While Walter's two sisters immigrated to the United States, he was recruited by a team in Toronto. Games took him across the eastern seaboard, and he became famous for his headers, his friendly personality and, according to his contemporaries, for a bicycle-kick goal in one particular game.

Walter represented Canada at the qualifying rounds for the 1958 World Cup, playing two games in Mexico, beating the U.S. but losing to the hosts. He recalled later that the Mexico match was the highest-calibre game he had ever played. He became so famous among émigrés and others that when his grandson visited a Ukrainian sports bar in New York 60 years later, elderly men hobbled over to shake his hand and tell him what a star Walter was.

When he wasn't playing, he gave much of his time to a steel company in southwest Ontario that helped build the Twin Towers in New York.

Walter and Paula had five grandsons, two of whom they raised when their eldest daughter, Katrusia, succumbed to cancer. They were proud Ukrainians and shared beautiful folk songs and traditions over the years. Even in his later years, Walter often whistled or broke into song.

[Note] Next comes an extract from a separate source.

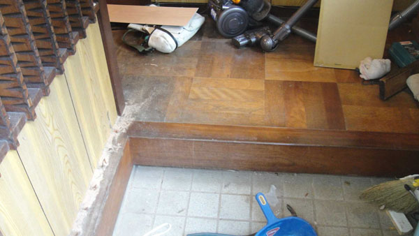 玄関リフォーム:シロアリ被害による玄関の上がり框をリフォーム

He loved making his young grandsons smile, and gave them quarters for bringing him beer from the basement fridge. Later in life, he would often sneak sips from a bottle he would nurse behind the couch when his wife wasn't looking.

He loved house guests. I was always greeted with kisses and a sparkle in his eye, even after a stroke caused him to forget who I was. When we brought his great-grandson over, he loved seeing him, even though he couldn't comprehend his relationship to him.

Walter died peacefully with family surrounding him. His stories, humour and whistling will be missed by those who loved him.

Jamie Liew is Walter's granddaughter-in-law.